Source records:
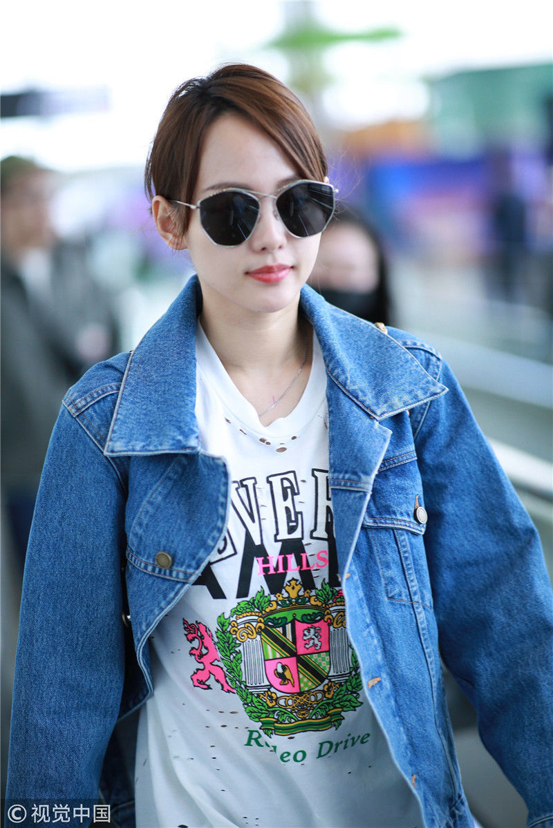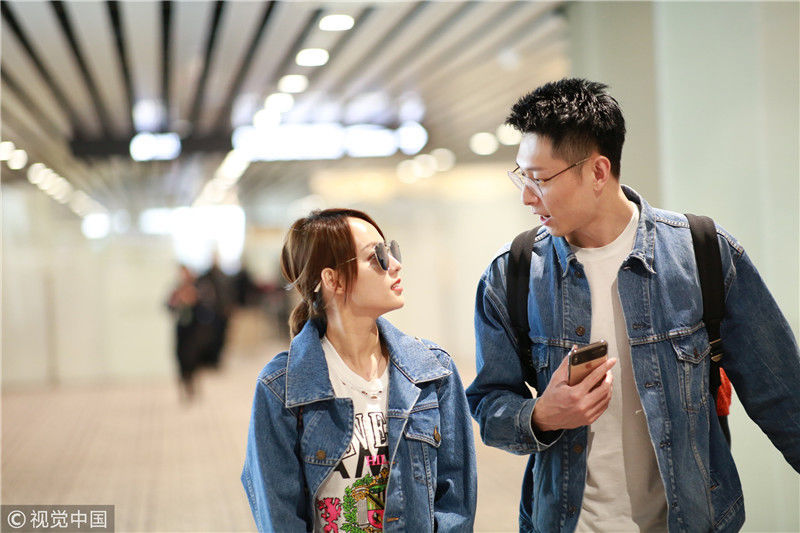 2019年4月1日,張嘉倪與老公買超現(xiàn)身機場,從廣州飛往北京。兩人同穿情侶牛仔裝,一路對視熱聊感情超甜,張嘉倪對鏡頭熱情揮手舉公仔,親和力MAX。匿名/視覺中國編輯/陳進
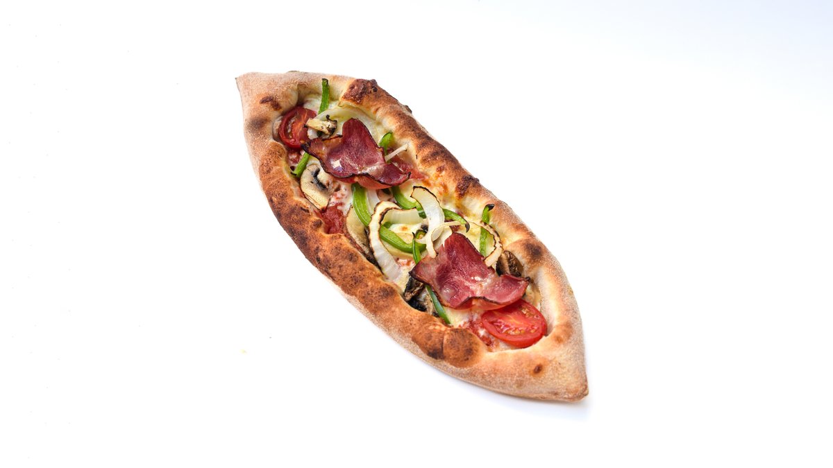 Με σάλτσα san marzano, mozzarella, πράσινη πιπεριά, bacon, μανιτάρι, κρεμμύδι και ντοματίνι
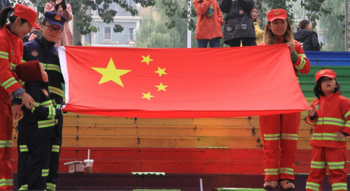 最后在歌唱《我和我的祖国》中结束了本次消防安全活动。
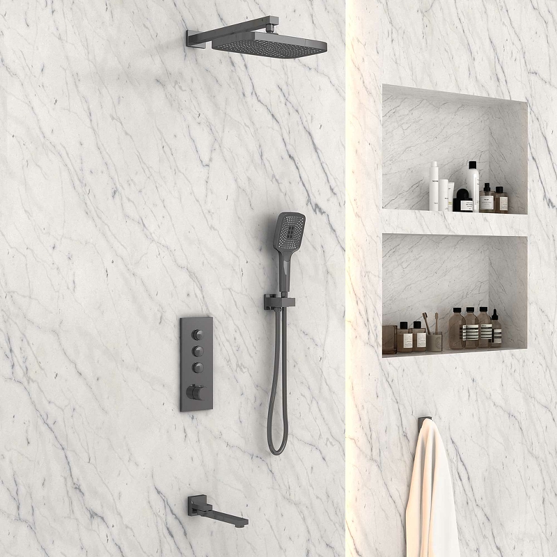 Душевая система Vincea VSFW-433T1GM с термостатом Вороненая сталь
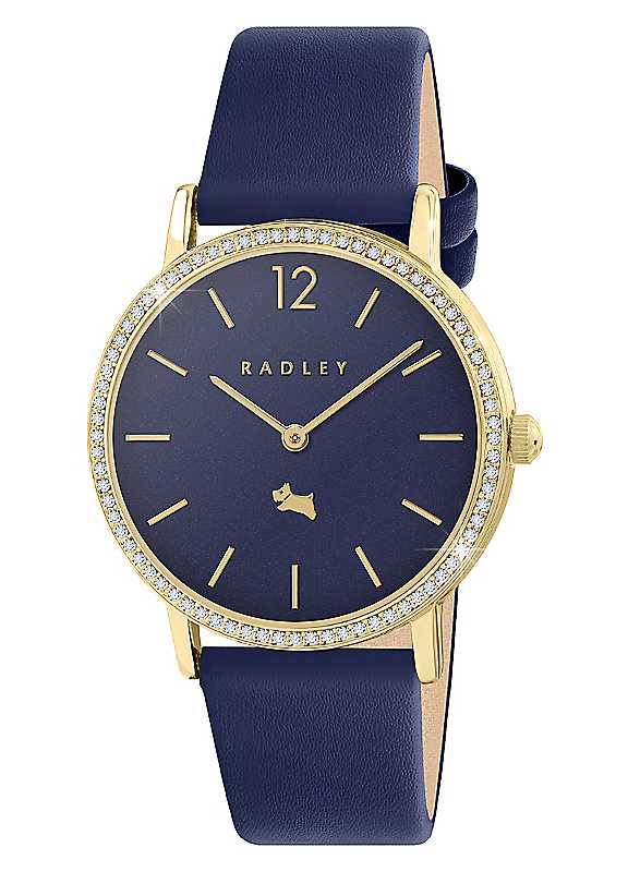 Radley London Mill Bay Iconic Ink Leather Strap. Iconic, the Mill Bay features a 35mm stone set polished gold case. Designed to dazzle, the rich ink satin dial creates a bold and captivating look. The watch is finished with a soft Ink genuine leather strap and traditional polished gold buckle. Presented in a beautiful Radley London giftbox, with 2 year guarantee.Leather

* [Work item]: A verbatim copy of the entries, stripped of pictures, should be produced.

* [Answer]:
 2019年4月1日,張嘉倪與老公買超現(xiàn)身機場,從廣州飛往北京。兩人同穿情侶牛仔裝,一路對視熱聊感情超甜,張嘉倪對鏡頭熱情揮手舉公仔,親和力MAX。匿名/視覺中國編輯/陳進
 Με σάλτσα san marzano, mozzarella, πράσινη πιπεριά, bacon, μανιτάρι, κρεμμύδι και ντοματίνι
 最后在歌唱《我和我的祖国》中结束了本次消防安全活动。
 Душевая система Vincea VSFW-433T1GM с термостатом Вороненая сталь
 Radley London Mill Bay Iconic Ink Leather Strap. Iconic, the Mill Bay features a 35mm stone set polished gold case. Designed to dazzle, the rich ink satin dial creates a bold and captivating look. The watch is finished with a soft Ink genuine leather strap and traditional polished gold buckle. Presented in a beautiful Radley London giftbox, with 2 year guarantee.Leather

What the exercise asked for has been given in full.